What I have learned is that our right to petition the government for
redress of grievances is one of our most important retained rights as
prisoners. It should be exercised often, and without fear of
consequences or retaliation. I encourage everyone to study your state’s
policy and procedure and apply it to your grievances. Also study your
state’s Administrative Remedy Procedure, so you file and appeal your
grievances appropriately. Most importantly, stay strong and stand up for
your rights.
by a North Carolina prisoner August 2019 permalink
July 30th. I went on a hunger Strike to not only motivate but avoid a
group demonstration charge. The next day eight more people in our pod
went on hunger strike and two in another pod, followed by four other
people who went on S.I.B. (self-injury behavior) and some floods
occurred in opposite pods.
Outside supporters called down here at Scotland NC Correctional
Institution all day until around 9:00 at night tying up the phone lines.

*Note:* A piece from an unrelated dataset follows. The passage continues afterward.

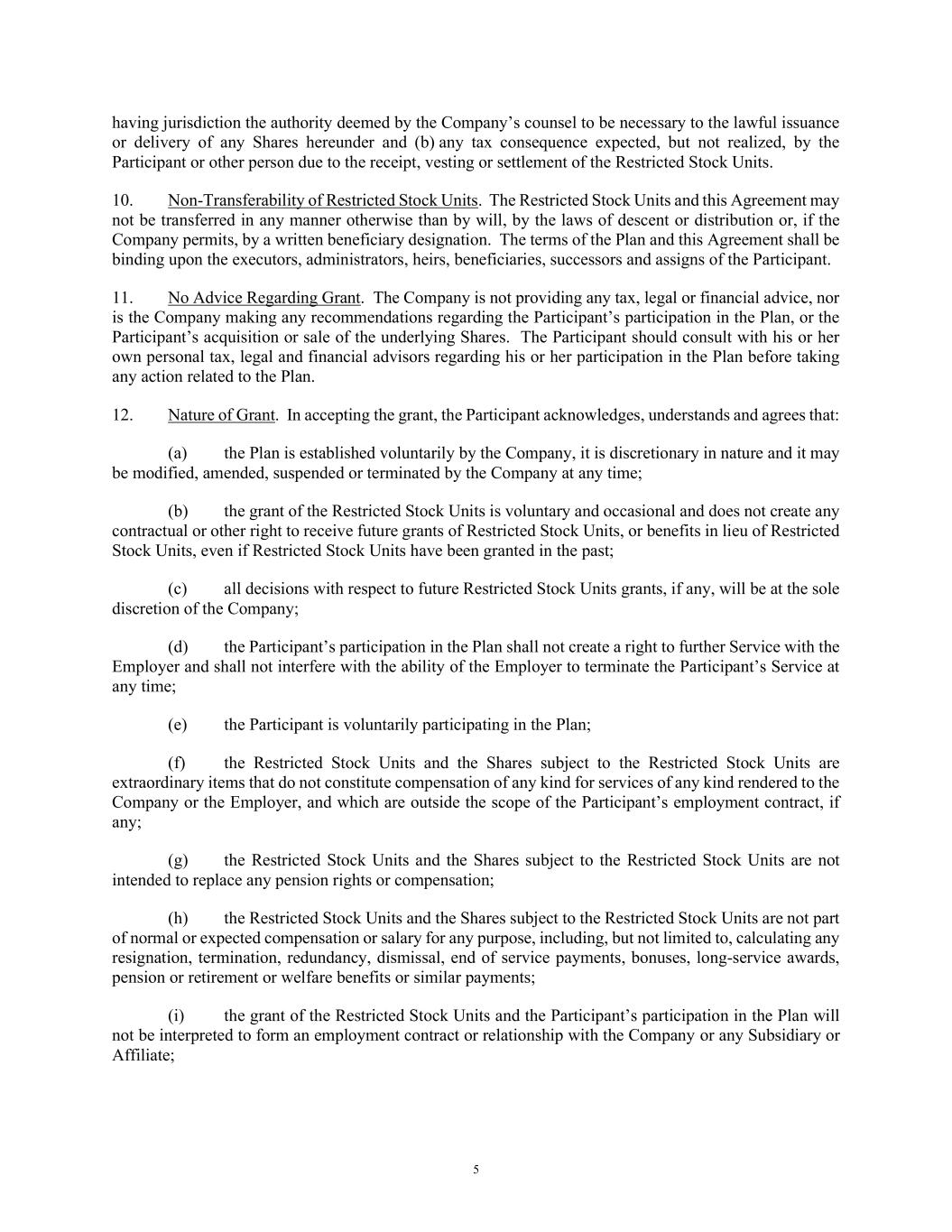 5 having jurisdiction the authority deemed by the Company’s counsel to be necessary to the lawful issuance or delivery of any Shares hereunder and (b) any tax consequence expected, but not realized, by the Participant or other person due to the receipt, vesting or settlement of the Restricted Stock Units. 10. Non-Transferability of Restricted Stock Units. The Restricted Stock Units and this Agreement may not be transferred in any manner otherwise than by will, by the laws of descent or distribution or, if the Company permits, by a written beneficiary designation. The terms of the Plan and this Agreement shall be binding upon the executors, administrators, heirs, beneficiaries, successors and assigns of the Participant. 11. No Advice Regarding Grant. The Company is not providing any tax, legal or financial advice, nor is the Company making any recommendations regarding the Participant’s participation in the Plan, or the Participant’s acquisition or sale of the underlying Shares. The Participant should consult with his or her own personal tax, legal and financial advisors regarding his or her participation in the Plan before taking any action related to the Plan. 12. Nature of Grant. In accepting the grant, the Participant acknowledges, understands and agrees that: (a) the Plan is established voluntarily by the Company, it is discretionary in nature and it may be modified, amended, suspended or terminated by the Company at any time; (b) the grant of the Restricted Stock Units is voluntary and occasional and does not create any contractual or other right to receive future grants of Restricted Stock Units, or benefits in lieu of Restricted Stock Units, even if Restricted Stock Units have been granted in the past; (c) all decisions with respect to future Restricted Stock Units grants, if any, will be at the sole discretion of the Company; (d) the Participant’s participation in the Plan shall not create a right to further Service with the Employer and shall not interfere with the ability of the Employer to terminate the Participant’s Service at any time; (e) the Participant is voluntarily participating in the Plan; (f) the Restricted Stock Units and the Shares subject to the Restricted Stock Units are extraordinary items that do not constitute compensation of any kind for services of any kind rendered to the Company or the Employer, and which are outside the scope of the Participant’s employment contract, if any; (g) the Restricted Stock Units and the Shares subject to the Restricted Stock Units are not intended to replace any pension rights or compensation; (h) the Restricted Stock Units and the Shares subject to the Restricted Stock Units are not part of normal or expected compensation or salary for any purpose, including, but not limited to, calculating any resignation, termination, redundancy, dismissal, end of service payments, bonuses, long-service awards, pension or retirement or welfare benefits or similar payments; (i) the grant of the Restricted Stock Units and the Participant’s participation in the Plan will not be interpreted to form an employment contract or relationship with the Company or any Subsidiary or Affiliate;

Captain Henderson’s name was heard all day over the intercom. She had me
and three other guys strip searched and placed in a holding cell to have
a meeting where we asked for recreation five times a week, the 90 day
phone call policy to be activated, food requirements to be met and
access to more than one library book a month.

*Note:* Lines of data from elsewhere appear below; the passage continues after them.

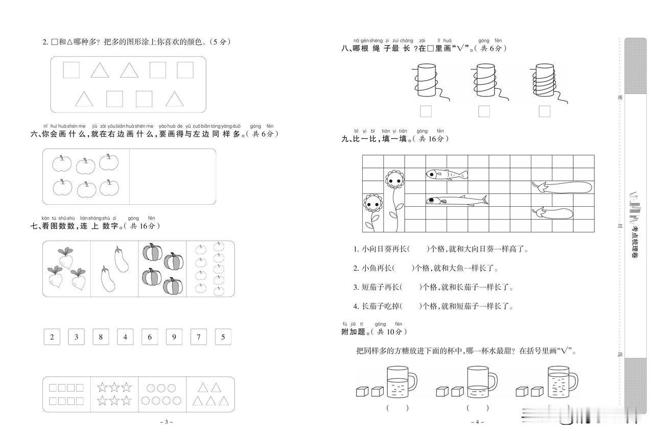 人教版数学一年级上册第一单元达标检测卷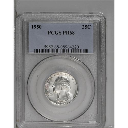 <B>1950<25C> PR68 PCGS.</B></I> A deeply mirrored specimen with dark violet toning in parts of the fields. The lightly frosted devices are sharp. Population: 11 in 68, 0 finer (7/06).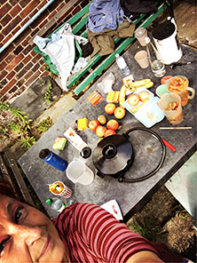You go out and pick a few flowers, take some birch bark with you and the kiwi and banana peels from breakfast, brew a soup out of it, add vitamin C and washing soda, stir, enjoy the sudden chemical reaction that bubbles slightly, makes the soup 2 degrees warmer and shifts it from red to green-bluish, carefully sniffing at the scent that has never been smelled before and has the feeling of being somehow very close to (healthy) matter, art and reality!

The next day the whole pod was searched and torn apart. They threw away
our pictures of our family members–some of whom may have passed away–and
took books, contact information and destroyed whatever they chose. One
European guy who didn’t participate in the strike was forced out of the
pod and taken to medical. On the way there he was punched in the face.

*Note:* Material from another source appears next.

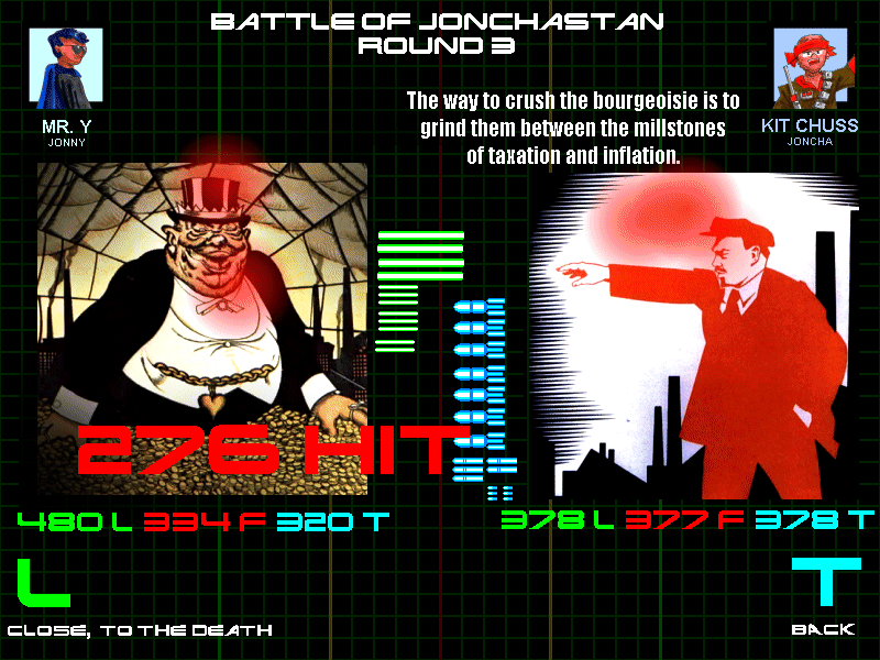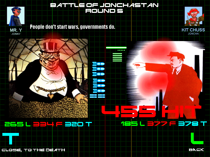 Jonny has landed 582 hits."You're the biggest user of hindsight that I've ever known. Your favorite team, in any sport, is the one that just won. If you were a woman, you'd likely be a slut." - Slowwhand, to Imran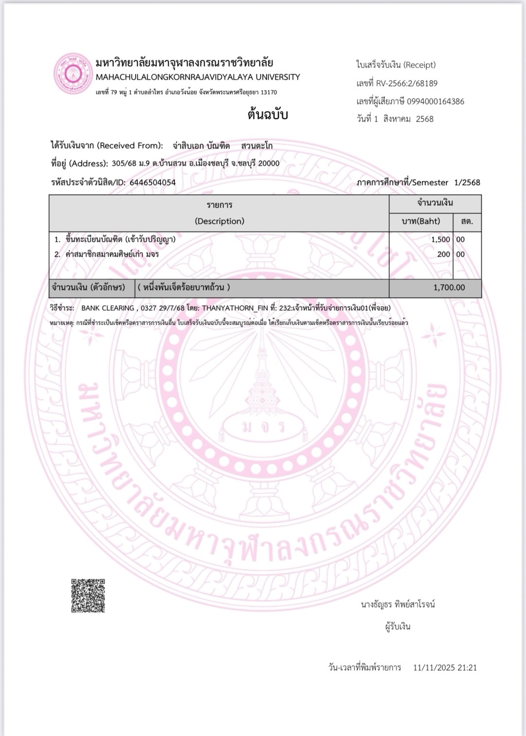 ใบเสร็จรับเงิน/เอกสารยืนยันการชำระเงิน(แนบเอกสาร)

In receiving he was jumped by Sgt. Sims, Off. Veto and a few other staff
members.
When the victim they attacked returned to the pod, they escorted him in
a wheelchair. He was tied down and had red gashes and bruises on his
face and body and they left him in his cell with nothing to wear but a
pair of boxers, socks and sandals. He had been beaten with a nightstick
and they refused to give him medical treatment or take pictures of any
of his injuries.
DPS doesn’t consider it a hunger strike until you refuse to eat nine
meals. Then they will start checking your vital organs and observe you.
In February, I went on an eleven day hunger strike, only surviving from
sugar pills the effects of which I had not been conscious of at the
time. It’s only afterwards that I realized I was bleeding internally but
still they have refused to give me medical treatment til this day as I
complained on my recent sick call. They have blood samples and all.
The people on S.I.B. a.k.a. suicide watch are left in their cell with
nothing but a spock a.k.a. turtle-suit with no blanket or mattress. I
was in receptive on the same treatment and I have dates and times.
Overall our recreation request has been met. Everything else was
probably a pseudo. We failed to address the main issue during the
meetings, which is police brutality. Prisoners were being beaten there
at least four times a day when I first arrived. I believe officials are
a little more restrained now due to the outside support.
Due to the harassment of the prisoners in my pod from an official who
called us snitches and b*tches for writing articles and filing lawsuits,
I decide to sacrifice my freedom by accepting his challenge on behalf of
my komrades. This was resolved in a George Jackson fashion style water
gun that they sent me back to supermax for, with a felony charge facing
68 months to continue my webstar’s studies.